I have no problem with what you're trying to do. Please keep us updated.

-Marty

Configuration of vlan SG 300 - 28 p

Hello

I tried to Setup VLAN on a SG300 - 28 p, but they do not work.

This is my setup:

I want to Switch1 to have 1-10 ports to access the area demilitarized and 11-24 the LAN.

Then I wan to add switch2-4 to expand access to the local network.

Is this possible?

I tested with cisco 2960 switches by saying just what ports forge have access to

DMZ and LAN, but small business switches are different...

I really appreciate the help!

Hi Francisco, assuming that the 2960 worked and there was no difference in configuration then the problem would be that you have not added the VLAN to the trunk. On a catalyst you do not configure the VLANS on a trunk, since all VLAN pass them. On SB switches, that you need to configure the VLANS on the trunk, otherwise only the VLANs native / default works.

-Tom
Please mark replied messages useful

Configuration of VLAN Switch SF302 - 08 p

I have the following Setup using two switches PoE SF302 - 08 p:

1st floor

=========

SWITCH1 # <------->private network

<------->public network

2nd floor

=========

Switch #2 <------->private network

... public network (visible, but devices can't connect)

I tried to do the config in the identical to the #1 switch #2 switch, but something still does not work.

This is probably a configuration issue VLAN, or what?

Thank you.

Ken Watkins

Hi Ken, the interfaces between switches must both vlan of the port.

example of

VLAN 1

VLAN 2

port 1 connects to port 1 of the second switch

config t

interface gi01

switchport mode trunk

switchport trunk allowed vlan add 2

The ports between switches must be vlan unidentified native, all other VLAN Tag. In my example, 1u, 2 t.

-Tom
Please mark replied messages useful

Configure the vlan with SG 300 - 10 p and 520 SA

Hi all

Forgive my ignorance, but I need help with the basic configuration.
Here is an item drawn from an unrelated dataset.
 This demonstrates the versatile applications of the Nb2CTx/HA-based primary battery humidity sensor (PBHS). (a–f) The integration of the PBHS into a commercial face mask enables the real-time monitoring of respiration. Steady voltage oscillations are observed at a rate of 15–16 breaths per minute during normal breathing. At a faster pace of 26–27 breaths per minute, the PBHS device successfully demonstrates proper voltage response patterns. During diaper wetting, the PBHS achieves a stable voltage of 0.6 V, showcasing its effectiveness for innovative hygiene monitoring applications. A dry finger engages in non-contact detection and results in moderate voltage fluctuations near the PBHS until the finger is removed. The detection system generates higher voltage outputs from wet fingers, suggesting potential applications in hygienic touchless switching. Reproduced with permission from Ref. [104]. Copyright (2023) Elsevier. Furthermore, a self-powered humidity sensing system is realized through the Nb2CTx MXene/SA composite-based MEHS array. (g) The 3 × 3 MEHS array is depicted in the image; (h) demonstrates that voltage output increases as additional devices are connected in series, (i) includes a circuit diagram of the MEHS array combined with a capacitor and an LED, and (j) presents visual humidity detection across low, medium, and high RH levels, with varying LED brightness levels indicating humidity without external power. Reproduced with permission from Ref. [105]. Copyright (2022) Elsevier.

For a small office, I bought an appliance of security SA520 (for future VPN with another remote desktop) and a switch of SG 300 - 10 p to connect 3 PCs and 3 IP PHONE. The SA 520 is the router. I have to configure 2 VLANS on the switch:

VLAN2: DATA (for PC)

VLAN3: VOICE (for IP PHONE)

VLAN1: BY DEFAULT.

How can I configure simply all ports?

I would like to configure ports 1-4 on 5 to 8 ports and VLAN2, VLAN3 and G10 port is reserved for the SA520 router.

I want to split VOICE and DATA network.

I think I need to create a trunk on G10 to SA520...

Can someone help me?

Hi Julien,

OK sounds like you use it vlan by default for network management and the vlan 2 for vlan3 for voice and data.
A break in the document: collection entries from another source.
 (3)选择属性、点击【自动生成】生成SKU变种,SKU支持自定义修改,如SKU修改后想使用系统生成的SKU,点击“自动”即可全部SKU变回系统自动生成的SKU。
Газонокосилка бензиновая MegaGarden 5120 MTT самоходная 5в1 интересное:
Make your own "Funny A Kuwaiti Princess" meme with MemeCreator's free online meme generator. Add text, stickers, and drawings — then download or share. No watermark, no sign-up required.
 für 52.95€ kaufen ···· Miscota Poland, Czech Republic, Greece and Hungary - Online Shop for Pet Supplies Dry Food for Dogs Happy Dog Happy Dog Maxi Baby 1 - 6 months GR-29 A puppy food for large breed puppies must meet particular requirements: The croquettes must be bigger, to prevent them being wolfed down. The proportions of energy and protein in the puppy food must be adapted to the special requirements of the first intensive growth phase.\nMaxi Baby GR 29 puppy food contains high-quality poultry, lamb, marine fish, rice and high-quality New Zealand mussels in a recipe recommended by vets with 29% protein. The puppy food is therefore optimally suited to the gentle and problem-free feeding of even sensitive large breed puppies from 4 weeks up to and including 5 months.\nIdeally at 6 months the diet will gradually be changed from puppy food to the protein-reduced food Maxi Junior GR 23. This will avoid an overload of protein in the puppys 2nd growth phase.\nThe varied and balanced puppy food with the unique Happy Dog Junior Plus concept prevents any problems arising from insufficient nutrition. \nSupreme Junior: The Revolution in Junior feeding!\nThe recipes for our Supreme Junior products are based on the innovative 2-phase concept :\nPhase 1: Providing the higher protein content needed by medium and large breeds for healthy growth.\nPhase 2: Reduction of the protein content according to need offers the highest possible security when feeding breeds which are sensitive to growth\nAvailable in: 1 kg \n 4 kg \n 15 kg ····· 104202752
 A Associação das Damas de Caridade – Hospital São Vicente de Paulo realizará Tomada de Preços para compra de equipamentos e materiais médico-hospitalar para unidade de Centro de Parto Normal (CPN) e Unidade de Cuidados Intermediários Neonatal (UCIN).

I use a calculator for this, my SA520 is ready at the present time.

Step 1 On the SA520 add vlan 2 and vlan 3 and label them voice and data respectively.

Step 2. Allows you to use the switch port 4 on the SA520 as a port to shared resources to the SG-300.

(my intent is to use vlan1 not tagged vlan tagged 2 and vlan tagged 3 on the uplink of the switch and the SA500.)

To do this, I have to say the SA520 port 4 of the switch will be in trunking and not access mode.

You will need to check the membership of vlan 2 and vlan 3 on switch port 4.

Step 3. Now add a few IPS to VLAN2 and VLAN3

Step 4. Create DHCP scopes if that is what is needed on the SA520

So now I hope that we have the SA520 with the associated IPS VLAN1, VLAN2 and VLAN3

We also have the switch port 4 as a network interface

We are vlan1 reproducing unidentified and vlan2 tag and tag to the SG-300 switch vlan3.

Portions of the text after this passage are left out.